Where MTBF Falls Short
Guest post by Chris Peterson – see her daily blog Test To Be Your Best
I have a brand new widget and I’m very excited about the design. It has features I’ve never built in before, there is a huge market need for it, and now I have to try to prove it’s reliability before I can sell it. What do I use?
Let’s try MTBF. It has been around for over 60 years and is a very common approach.
Here is where the possible issues start. MTBF is the calculated average time it will take for a system to fail. If you think about an average, it includes everything from the highest to lowest. If 5 is the average out of 10 you have no clue from that 5 if the majority of the population was close to it or scattered from 1 to 10. An average doesn’t show variability and that could cause issues.
Another issue is that the end use environment is also based on averages yet the world is full of extremes. Say that my widget is going inside of a laptop computer and I decide to use the metric for typical office temperatures. That’s all well and good, but that computer will see much more extreme conditions that that. It might sit on a car seat with the windows rolled up under the blazing desert sun, or be left in a trunk in the dead of winter. People are impatient and want their electronics to work under all conditions and they aren’t going to wait until the laptop reaches typical office temperature before they use it. What will the reliability be then? MTBF can’t give us a clue because even if extremes were considered (which would be rare) they would go into an average (environmental conditions) which is then averaged again (assumption of mean time between failures).

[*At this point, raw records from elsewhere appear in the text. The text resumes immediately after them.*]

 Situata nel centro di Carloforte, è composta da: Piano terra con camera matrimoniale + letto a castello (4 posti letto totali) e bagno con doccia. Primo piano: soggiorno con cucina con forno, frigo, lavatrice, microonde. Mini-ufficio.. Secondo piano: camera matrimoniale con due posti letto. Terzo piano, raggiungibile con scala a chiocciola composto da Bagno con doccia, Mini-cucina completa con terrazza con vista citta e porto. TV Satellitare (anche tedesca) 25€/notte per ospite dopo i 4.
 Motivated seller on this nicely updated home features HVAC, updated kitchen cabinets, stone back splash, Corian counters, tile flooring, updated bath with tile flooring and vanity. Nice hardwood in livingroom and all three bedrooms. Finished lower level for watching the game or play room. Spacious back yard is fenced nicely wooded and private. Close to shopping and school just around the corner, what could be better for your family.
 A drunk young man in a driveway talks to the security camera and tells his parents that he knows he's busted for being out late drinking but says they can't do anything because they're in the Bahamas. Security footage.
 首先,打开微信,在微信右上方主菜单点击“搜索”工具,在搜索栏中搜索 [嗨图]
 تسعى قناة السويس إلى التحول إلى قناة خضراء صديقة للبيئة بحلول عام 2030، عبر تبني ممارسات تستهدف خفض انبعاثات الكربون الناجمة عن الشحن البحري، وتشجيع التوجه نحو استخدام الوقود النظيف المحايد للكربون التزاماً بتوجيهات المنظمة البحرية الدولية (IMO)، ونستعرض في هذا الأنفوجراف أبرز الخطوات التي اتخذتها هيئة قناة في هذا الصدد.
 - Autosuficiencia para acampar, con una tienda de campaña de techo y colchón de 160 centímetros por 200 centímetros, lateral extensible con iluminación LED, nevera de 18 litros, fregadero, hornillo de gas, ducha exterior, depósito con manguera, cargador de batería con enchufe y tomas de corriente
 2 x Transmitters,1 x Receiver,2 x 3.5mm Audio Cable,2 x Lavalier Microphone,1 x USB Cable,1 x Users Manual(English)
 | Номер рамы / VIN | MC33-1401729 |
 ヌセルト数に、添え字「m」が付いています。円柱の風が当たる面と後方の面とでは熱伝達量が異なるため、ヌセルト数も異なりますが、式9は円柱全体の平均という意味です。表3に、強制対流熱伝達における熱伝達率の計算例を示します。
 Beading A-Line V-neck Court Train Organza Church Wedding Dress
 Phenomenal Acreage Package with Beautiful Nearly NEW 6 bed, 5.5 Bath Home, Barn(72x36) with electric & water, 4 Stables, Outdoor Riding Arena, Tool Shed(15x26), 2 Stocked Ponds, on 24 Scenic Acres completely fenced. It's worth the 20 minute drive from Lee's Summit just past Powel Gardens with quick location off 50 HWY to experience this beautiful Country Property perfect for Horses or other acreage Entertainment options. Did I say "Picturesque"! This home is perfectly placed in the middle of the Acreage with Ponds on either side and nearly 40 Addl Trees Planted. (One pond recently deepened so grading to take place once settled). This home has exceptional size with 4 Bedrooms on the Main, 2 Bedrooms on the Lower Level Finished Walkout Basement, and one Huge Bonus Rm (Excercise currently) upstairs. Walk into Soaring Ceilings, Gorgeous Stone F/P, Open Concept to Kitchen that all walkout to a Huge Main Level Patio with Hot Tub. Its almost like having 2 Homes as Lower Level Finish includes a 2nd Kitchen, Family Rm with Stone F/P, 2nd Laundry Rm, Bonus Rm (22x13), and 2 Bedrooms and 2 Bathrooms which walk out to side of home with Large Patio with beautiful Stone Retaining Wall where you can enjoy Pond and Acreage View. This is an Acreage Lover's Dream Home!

Think now of the bathtub curve with infant mortality. Is the MTBF based on whether the item has been screened to try to detect any items that would fall into that part of the curve? If that screening has been skipped then the average that the MTBF is based on would have the possibility of many items falling short of that.
MTBF is a probability, not a guarantee. It is based on assumptions. Then there is a confidence level on top of that which may be subjective and is an assumption. Then there is averaging instead of a range which leads to another assumption. Therefore we have an assumption (which could be flawed) based on an assumption (which could be subjective) based on an assumption of probability which is an educated guess which we will call engineering judgment.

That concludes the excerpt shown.